Last year, the online branding company East-West Communications ranked Mexico 191st out of 200 countries on its Brand Perception Index, which is generated by analysing buzzwords in the international media’s quarterly and annual coverage of a certain country.
Addressing a gathering of policy heads at the Woodrow Wilson Center for International Scholars in Washington earlier this week, Robert Newell, chief executive officer of the Mexican Institute of Competitiveness (IMCO), claimed that such a perception of Mexico has become ruinous to the country’s position in the global marketplace and must be rectified immediately.

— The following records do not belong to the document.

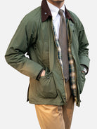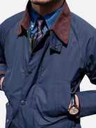細畝コーデュロイにスコットランドチェックの裏地を合わせた、ヴィンテージ感のある一着。袖口はロールアップ仕様で、さりげないアクセントを添えています。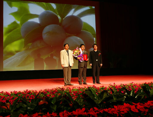 世俱杯副院长郑一淳、井庄镇党委副书记赵琳峰为井庄镇村官孙昊田颁奖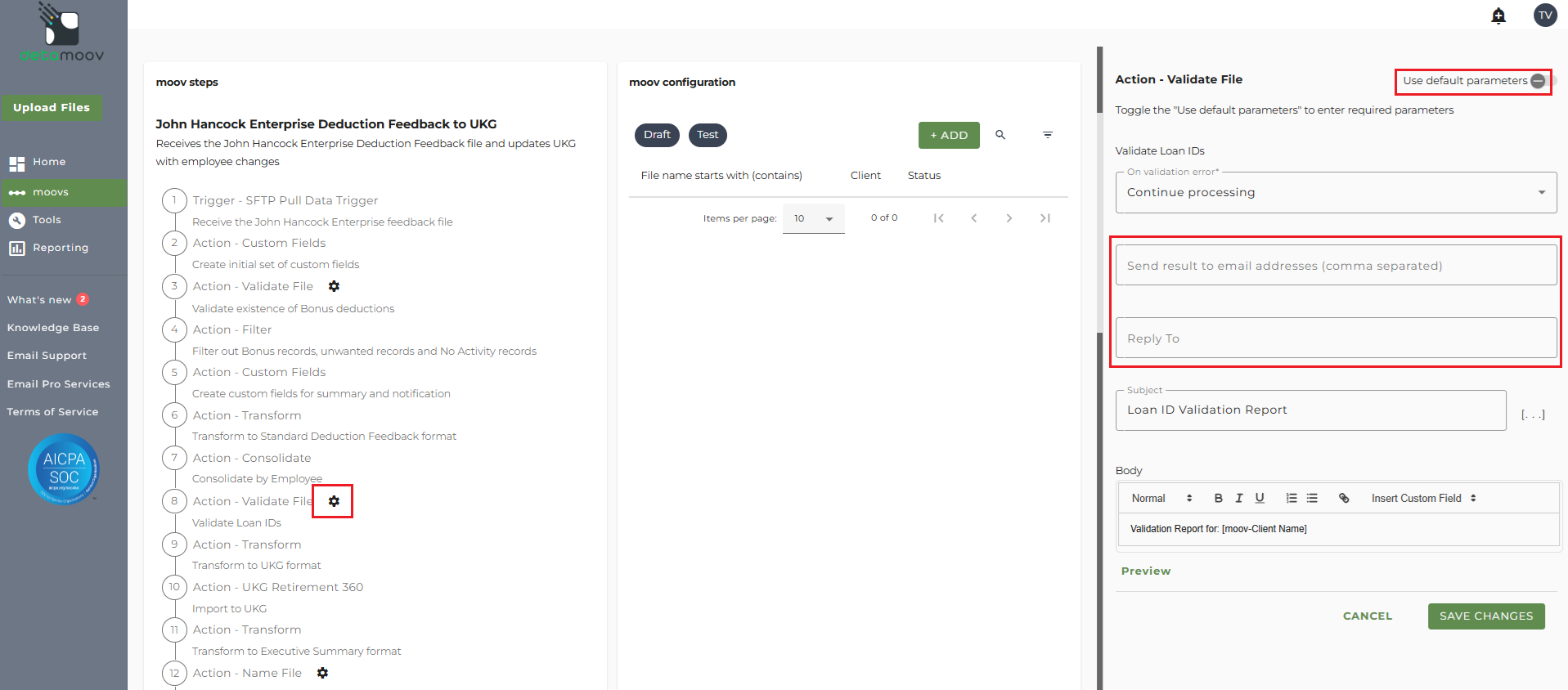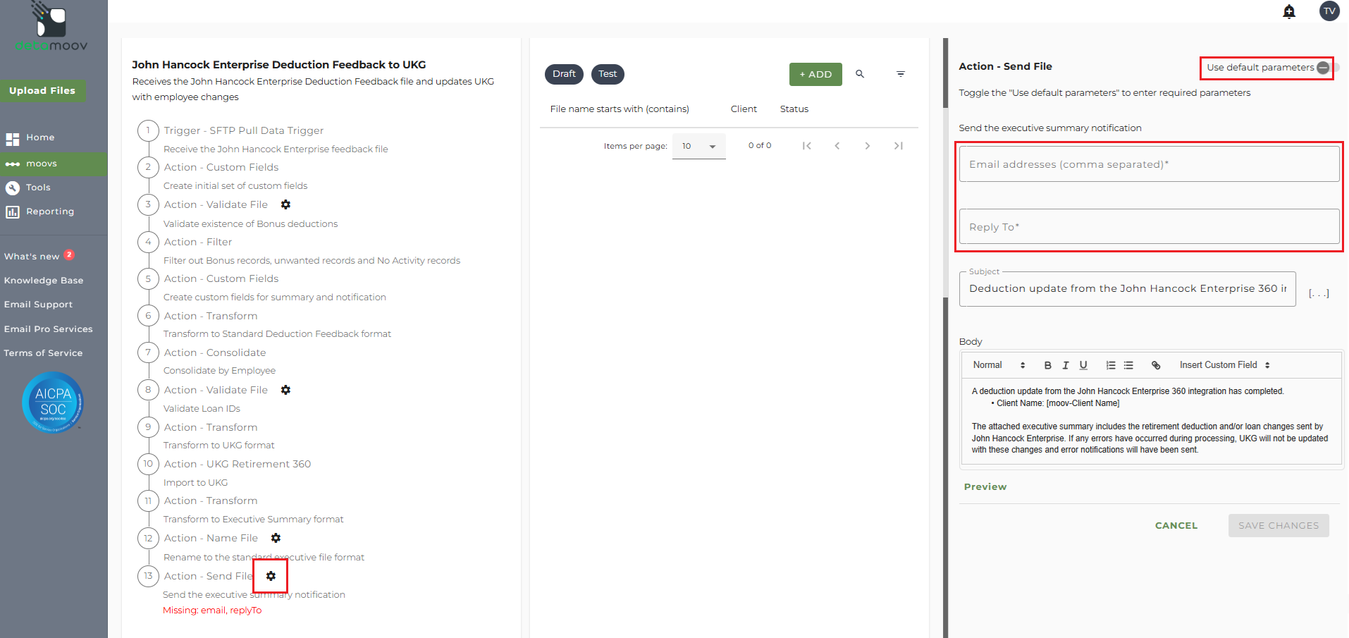 Note: these settings apply to any client configuration you set up for this specific moov. You also have the ability to configure the send file step for each client configuration if you wish to add or remove email addresses per client.

Presenting comprehensive data on the New York Times’ and Wall Street Journal’s coverage of Mexico over two and a half decades, Newell pointed out that since the implementation of the North American Free Trade Agreement (NAFTA) in 1994 — when Mexico was hailed as Latin America’s rising economic star — the country has gone from being a ‘shining business success story to a gruesome crime story’, a transition evidenced by a steady increase in crime-related headlines and a sharp decrease in overall coverage of the country.
‘Perhaps this represents reality, but perhaps it also reflects [media mogul Rupert] Murdoch and the fashionable fluctuations of the media,’ Newell, who served for over a decade in the Mexican Federal Government, half-jokingly speculated.